If you have you missed doing this the first time around you can still let your system know the preferred application you would like for a specific file type at any time. If the program code shows up in a separate window, use the File > Save Page As option and save the file to a location on your computer. Now, locate the newly saved file and right-click on it so that a dialog box similar to this appears:


The key selection here is the Open With option. If SAS does not appear on the list, then use the Choose Program... option. You should get a dialog box that looks like this:

Screenshot of Windows 'open with' window

Be sure to check the box that we have circled in red - "Always use the selected program to open this kind of file."

You can test this using the Launch button at the bottom of this page.

Not to worry! If the configuration has not been specified, your browser will display the text of SAS program in a new window. All you need to do is copy and paste the text of this SAS program file into your SAS Program Editor window.

Configuring your computer to do this automatically provides convenience, but you always should have access to the text of the SAS program itself.


Datasets are presented within the context of the lesson, usually found within the narrative of an example as regular links. The links are the text or data files where the data is stored. Data files typically include the file extension .txt and will open in a new window when clicked.

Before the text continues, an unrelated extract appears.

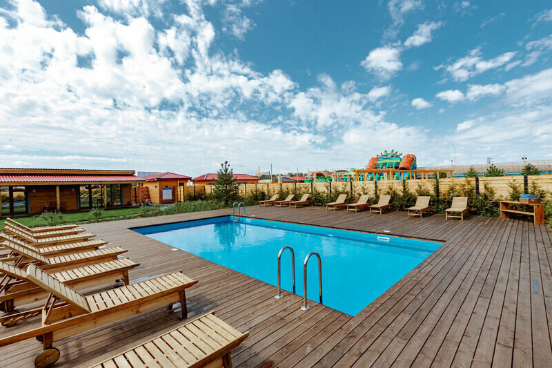 POOL PARK RESORT — это новый формат туристического кластера «Ферма» с обширной территорией Парка, уединённым бассейном, детскими горками и своим собственным песчаным пляжем. Именно на этой территории располагаются уютные трехместные номера Deluxe Poolside для любителей уединенного отдыха на природе. Делюкс укомплектован всем необходимым для комфортного отдыха — кровать размера king-size, гардеробная, косметические принадлежности, полотенца, халаты и тапочки. Каждый номер оснащён отдельным входом.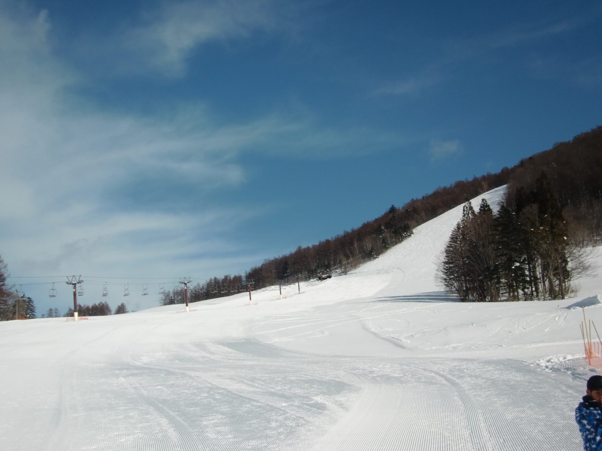 快晴の戸隠スキー場!青い空、白い雪、迫ってくるように綺麗に見える戸隠連山。何よりのスキー場日和です。

If you want to download and save this file to a specific location on your computer, right-click the link and select the Save Link As option (see right). A Save dialog box will be displayed and allow you to save the text file to the location you choose on your computer. Try doing it with this data set: dogs.txt.

Free SAS eLearning Resources

For Educators:

SAS provides free e-learning and training resources for professors through the SAS Educator Portal. To access these resources, educators need to create a SAS Profile using their .EDU email address. This profile will enable them to request access to the SAS Educator Portal and take advantage of its offerings.

The SAS Educator Portal is designed specifically for professors, providing them with access to a wide range of SAS resources. The wealth of resources are provided to support educators in teaching SAS to their students.

For Students:

SAS offers free e-learning and training resources for students through the SAS Skill Builder Portal. To access these resources, students must create a SAS Profile using their .EDU email address. Once they have created a profile, they can request access to the SAS Skill Builder Portal and start learning SAS.

The SAS Skill Builder Portal is designed to help students build their SAS skills and knowledge. It offers a range of resources designed so students can gain the skills they need to succeed in their academic and professional careers.




What is SPSS?

According to the SPSS website:

"The IBM SPSS® software platform offers advanced statistical analysis, a vast library of machine-learning algorithms, text analysis, open-source extensibility, integration with big data and seamless deployment into applications. Its ease of use, flexibility and scalability make IBM SPSS accessible to users with all skill levels and outfits projects of all sizes and complexity to help you and your organization to find new opportunities, improve efficiency and minimize risk."

Obtaining a copy of the SPSS applications

See the Statistical Software page for information regarding obtaining a copy of SPSS. Please note that the SPSS Student License and Media expires annually in August.